Still, the challenge for pure-play EV providers is that the addressable market will likely diminish if the Federal Reserve continues on its path of raising interest rates to combat inflation. As broader conditions worsen, many blue-chip technology firms announced or plan to announce major layoffs. That’s not going to help EV firms, which offer a premium on their products.

On the flip side, hybrid legacy automakers, which presently offer both combustion and electric options, may benefit. For households of adequate means, they can provide compelling EV products. For those with more modest income streams, they can provide the more accessible combustion route. Therefore, GM stock deserves a second look.

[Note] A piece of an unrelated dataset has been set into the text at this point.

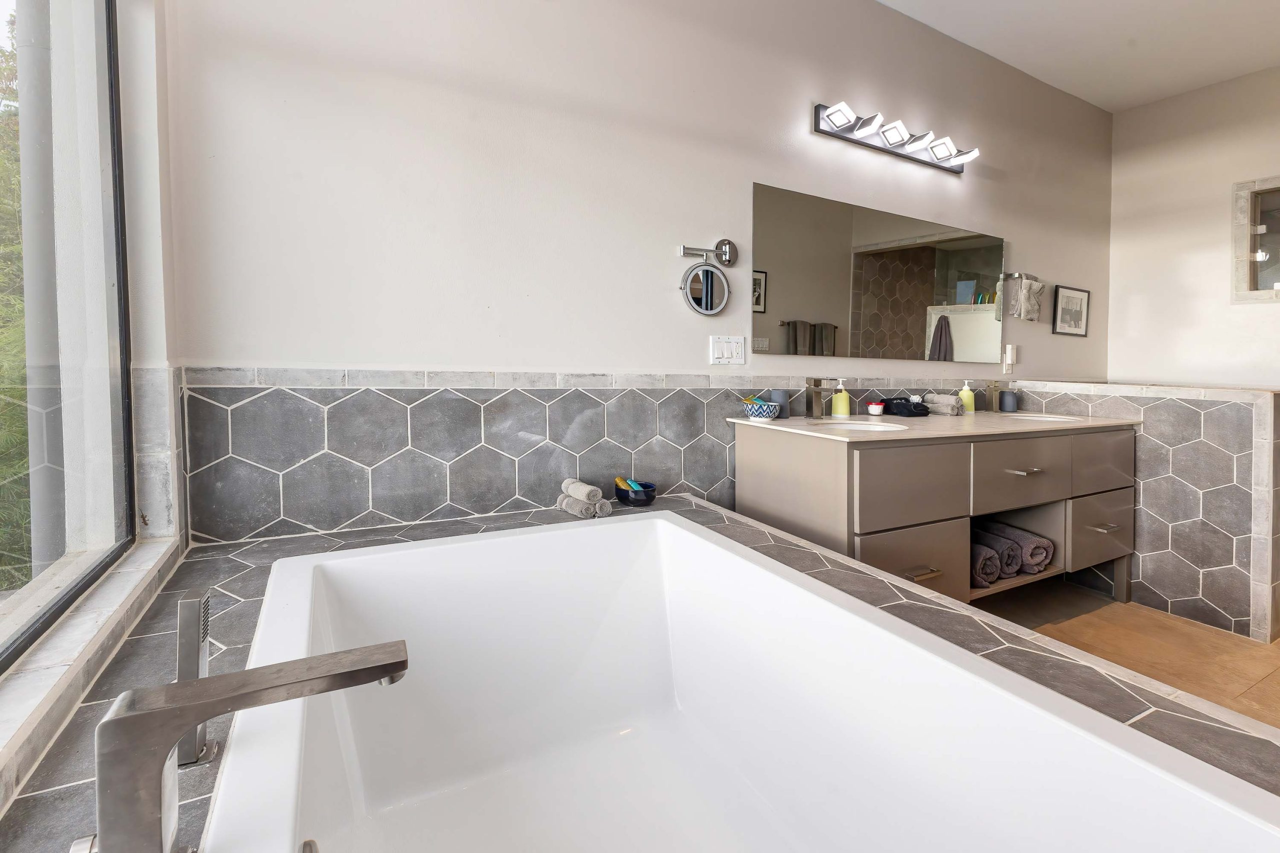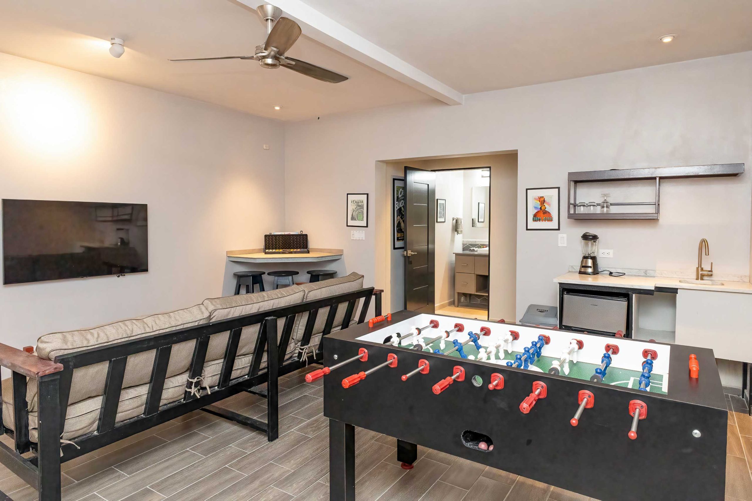 Designed for entertaining, the property offers multiple social areas crafted for a complete sensory experience. Highlights include a fully equipped bar adjacent to a large jacuzzi accommodating up to 14 people, a chef’s kitchen ideal for large events and gatherings, and a spacious dining room comfortably seating 14 guests. In addition, three sink bars located throughout the main social areas further enhance its appeal for celebrations, private retreats, and high-performing vacation rentals.

Quantitative Data Bolsters General Motors

On a financial basis, GM stock should also garner special attention. While so many pure-play EV stocks represent high-risk wagers, General Motors is a well-known entity. In addition, the business looks undervalued, arguably significantly so.

For instance, Wall Street currently prices GM stock at 6.7x times trailing-12-month (TTM) earnings. In contrast, the automotive sector median price/earnings ratio stands at 16.6x. As well, GM trades at 6.6x forward earnings for 2023. On the other hand, the industry median forward P/E ratio is slightly over 10x.

That’s not to say that GM stock doesn’t have challenges – because it does. For instance, the underlying company’s three-year revenue growth rate (on a per-share basis) is -5.6%. Unfortunately, because of the COVID-19 crisis, the automotive sector suffered substantially from global supply-chain disruptions, a headwind from which the industry is just now recovering from.

However, General Motors also enjoys operating and net margins of 6.27% and 6.57%, respectively. Both stats rank better than at least 62% of the competition, making GM stock a viable market idea despite obstacles.

Finally, the automaker features a return on equity of 15.85%. For comparison, the industry median ROE is only 5.96%, implying that GM is a high-quality business.

Is GM a Good Stock to Buy, According to Analysts?

Turning to Wall Street, GM stock has a Moderate Buy consensus rating based on eight Buys, five Holds, and two Sell ratings. The average GM price target is $46.54, implying 17.05% upside potential.

Credibility Matters

Although it’s natural for investors to want to dive head first into the EV space, a measured approach may be wiser. Though EV sales continue to rise, they still represent a minority in terms of all cars on the road. Until economic conditions support a full transition, combustion-powered cars will still be relevant for many years to come. Thus, GM stock enables investors to profit from both market segments.